We wtorek nad Szwajcarią i południowo-zachodnimi Niemcami można było zaobserwować niezwykłe zjawisko na nocnym niebie. Jasną smugą światła, którą wielu mieszkańców uznało za meteoryt, okazała się satelitą Starlink, wchodzącym w atmosferę Ziemi. To spektakularne widowisko wzbudziło niemałe poruszenie w regionie.
Satelita Starlink czy meteoryt? Eksperci rozwiewają wątpliwości
Pojawienie się jasnego śladu na niebie wywołało wiele spekulacji. Jednak eksperci z Federalnego Urzędu Ochrony Ludności (FOCP) szybko wyjaśnili, że był to satelita Starlink, a nie meteoryt. Informacje te zostały potwierdzone przez Centrum Świadomości Sytuacyjnej w Kosmosie niemieckich sił zbrojnych, które dostarczyło dane na ten temat FOCP.

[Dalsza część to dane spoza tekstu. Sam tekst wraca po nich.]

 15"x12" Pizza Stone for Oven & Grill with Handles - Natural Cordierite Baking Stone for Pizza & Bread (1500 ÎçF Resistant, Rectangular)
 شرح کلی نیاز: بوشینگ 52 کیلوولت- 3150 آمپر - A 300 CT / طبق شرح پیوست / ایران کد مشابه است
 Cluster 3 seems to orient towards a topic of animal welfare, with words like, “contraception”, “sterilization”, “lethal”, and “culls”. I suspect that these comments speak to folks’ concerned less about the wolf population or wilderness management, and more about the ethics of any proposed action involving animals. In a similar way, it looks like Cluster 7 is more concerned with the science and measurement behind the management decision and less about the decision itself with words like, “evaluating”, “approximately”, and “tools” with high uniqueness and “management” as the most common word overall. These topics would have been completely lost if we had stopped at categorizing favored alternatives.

Czym jest satelita Starlink?
Satelita Starlink to część projektu kosmiczny należący do firmy SpaceX Elona Muska. Ma on na celu zapewnienie szybkiego Internetu na całym świecie, krążąc na wysokości około 500 kilometrów nad Ziemią. Obecnie na orbicie znajduje się ponad 5 000 takich satelitów, a docelowo planowane jest wystrzelenie około 42 000.
Mimo że ich wejście w atmosferę i spalenie się wywołuje spektakularne zjawiska, SpaceX zapewnia, że satelity Starlink nie stanowią zagrożenia dla bezpieczeństwa publicznego.

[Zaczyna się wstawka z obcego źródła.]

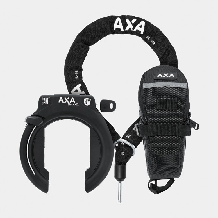 AXA Block XXL + Ramlåskätting är ett kraftfullt ramlås som är godkänt av SSF. Nyckeln kan ej tas ur när låset är olåst. Här får du även en plugin-kätting på 100 cm och med länkar på 5,5 mm att sätta i låset för att låsa fast cykeln i något fast. Låscylindern är skyddad mot borrning och bygeln är tillverkad i härdat stål. Låset är smidigt utformat och enkelt att använda och har extra stor frigång (60 mm) för lite grövre däck. AXA online-nyckelservice gör det enkelt att fixa ny nyckel.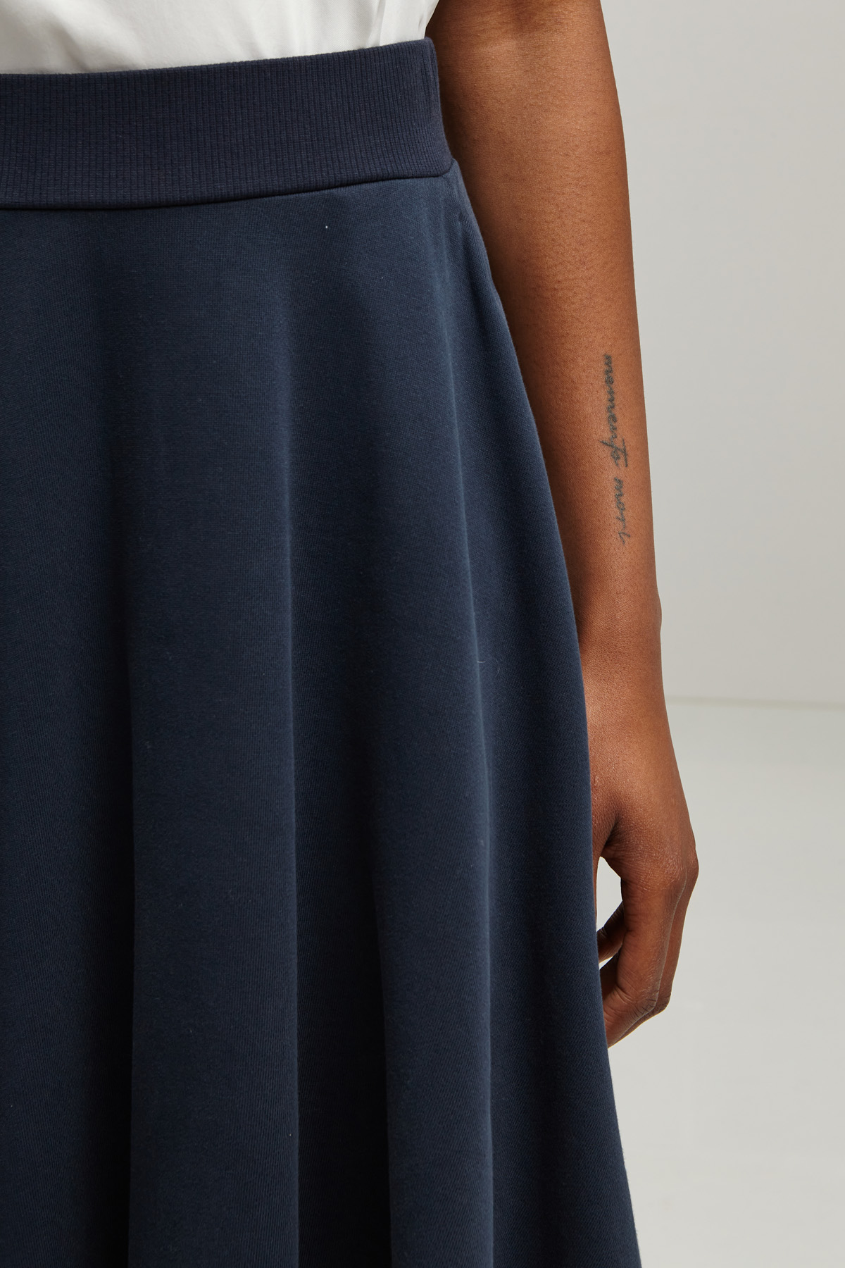 Gonna lunga dalla linea svasata realizzata in jersey pesante di puro cotone, con cintone elastico in vita e tasche laterali inserite in cucitura.
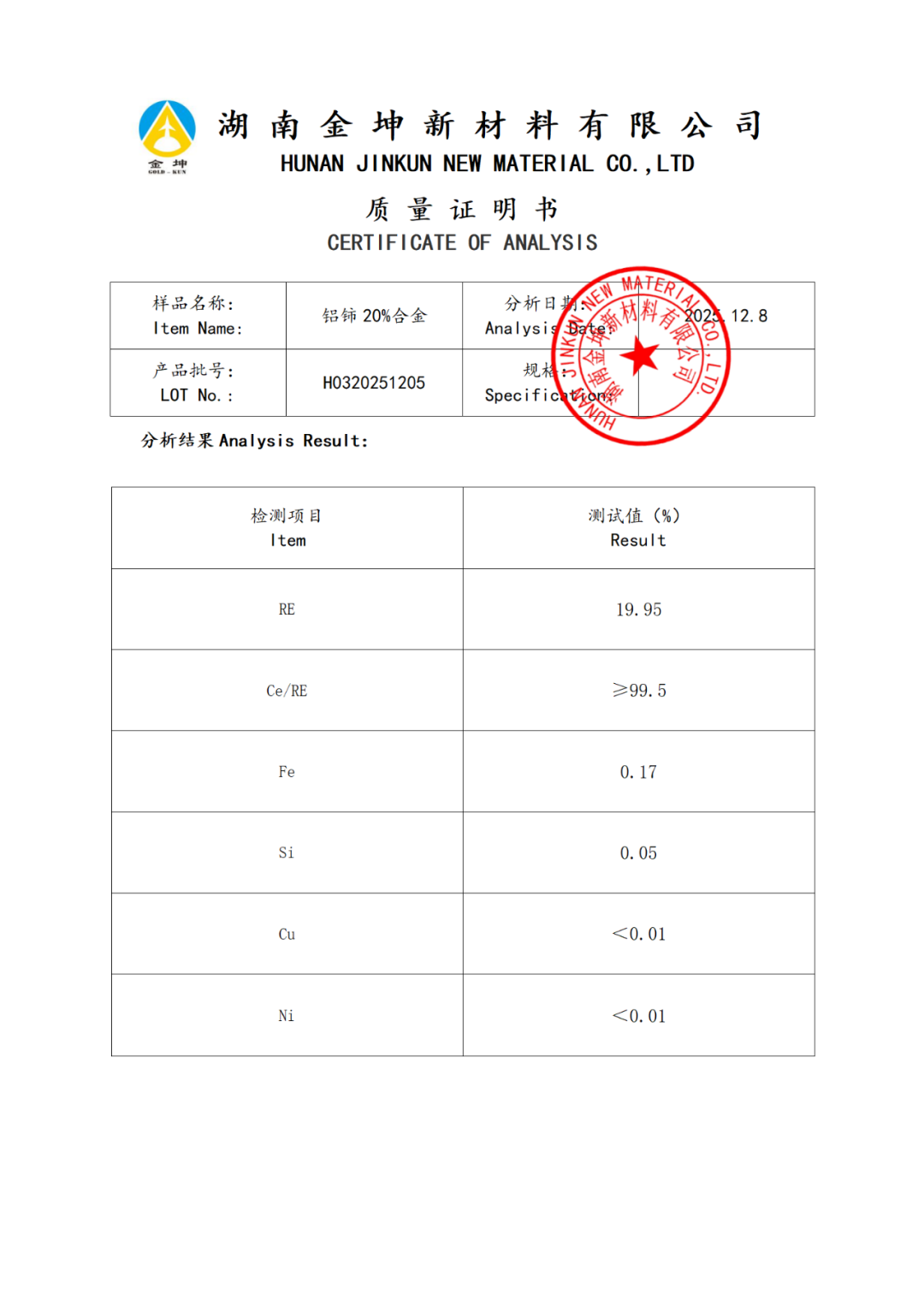 1、铝铈20%合金—GZFTH0320251205

Niebo pełne kosmicznych odpadków
Według NASA nieaktywne satelity i inne śmieci kosmiczne na wysokości poniżej 600 kilometrów zazwyczaj spalają się po wejściu w atmosferę. Jednak miliony kawałków kosmicznych odpadów nadal krążą wokół Ziemi, co stanowi zagrożenie dla stacji kosmicznych i innych operacji w przestrzeni kosmicznej.
Przykładem tego jest chińska stacja kosmiczna „Tiangong”, która została uderzona przez kosmiczny odpad. Międzynarodowa Stacja Kosmiczna (ISS) także regularnie unika kolizji z kosmicznymi śmieciami.
Wtorkowe wydarzenie nad Szwajcarią pozostanie na długo w pamięci obserwatorów jako jedno z najbardziej widowiskowych zjawisk astronomicznych ostatnich lat.